Il nuovo passo in avanti di Piazza Affari è stato il risultato della buona intonazione di alcuni specifici titoli. A mettersi in evidenza, in particolare, sono state Azimut, Banco Popolare e Saipem ossia un titolo del comparto del risparmio gestito, un bancario e un industriale. Azimut ha guadagnato il 4,62% grazie all’onda lunga generata dai dati record sulla raccolta nel 2013. +3,28% per Banco Popolare che è stato oggetto, assieme a tutti i bancari italiani, di un report targato Intermonte (Intesa Sanpaolo, Unicredit e Mediobanca faranno meglio del mercato).

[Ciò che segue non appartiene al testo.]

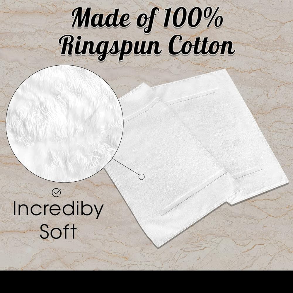 مجموعة من 2 سجادة حمام مصنوعة من القطن بنسبة 100%، سجادة منشفة أرضية الحمام - ذات امتصاص إضافي - سجادات حمام قابلة للغسل في الغسالة - إكسسوارات - أبيض
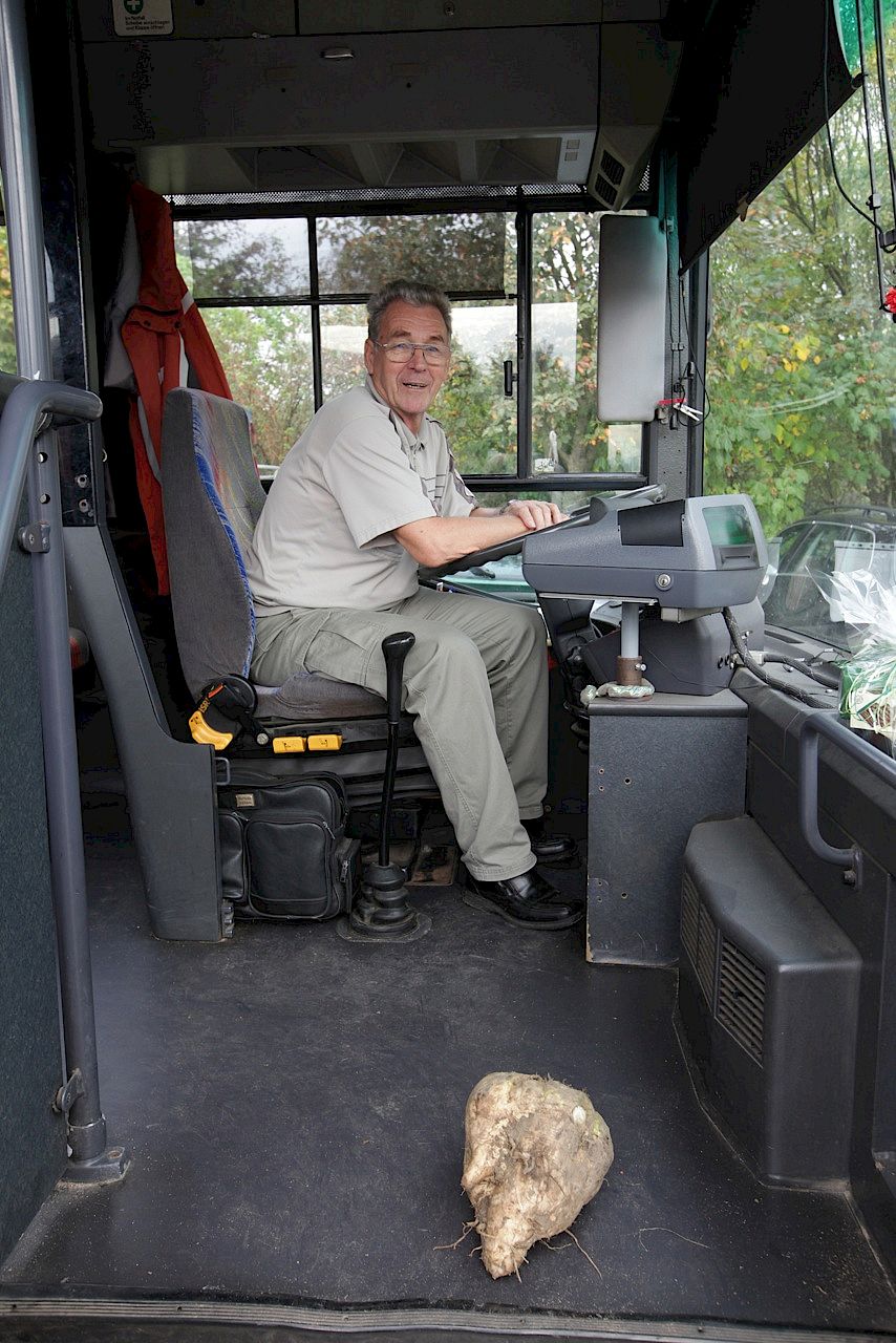 Unter den Besuchern war auch Busfahrer Rüdiger Starnat. "Das ist ein ganz schön großer Fuhrpark", sagte der erfahrene Lenker und erinnerte sich an den Beginn der DDR als Betriebe mit einem ähnlichen Prinzip Technik für die Bauern vorhielten. Im Fall des Lohnunternehmens Metzger sind es über 100 Maschinen, die für Kunden im Umkreis von 35 bis 100 Kilometer die Feldpflege und auch die Ernte übernehmen. Die meisten Maschinen waren natürlich unterwegs, doch mit dem Rübenroder hatten die Kinder Glück. Er war für Wartungsarbeiten in der Firma und konnte auch im Inneren betrachtet werden. Als erstes waren die Mädchen im Fahrerhaus und staunten bei soviel Technik nicht schlecht.

Saipem, per finire, ha fatto registrare un balzo del 4,87% (su Saipem si legga il nostro approfondimento: Saipem in rally. I motivi del forte rialzo a Piazza Affari). In verde si sono colorati anche  Banca Popolare di Milano (+2,73%), Intesa Sanpaolo (+1,10%), Mediobanca (+1,25%) e Unicredit (+1,87%). Fuori dal comparto bancario c’è stata gloria anche per Enel che ha messo in cassaforte l’1,04% in scia al report di Exane (Enel: ecco perchè per Exane è “ora di schiacciare l’interruttore”). Segno positivo anche per Fiat che si è presentata al traguardo delle 17,30 con un salto dell’1,19% (Nuova società Fiat Chrysler: nome, sede e quotazione. Ecco le prime indicazioni).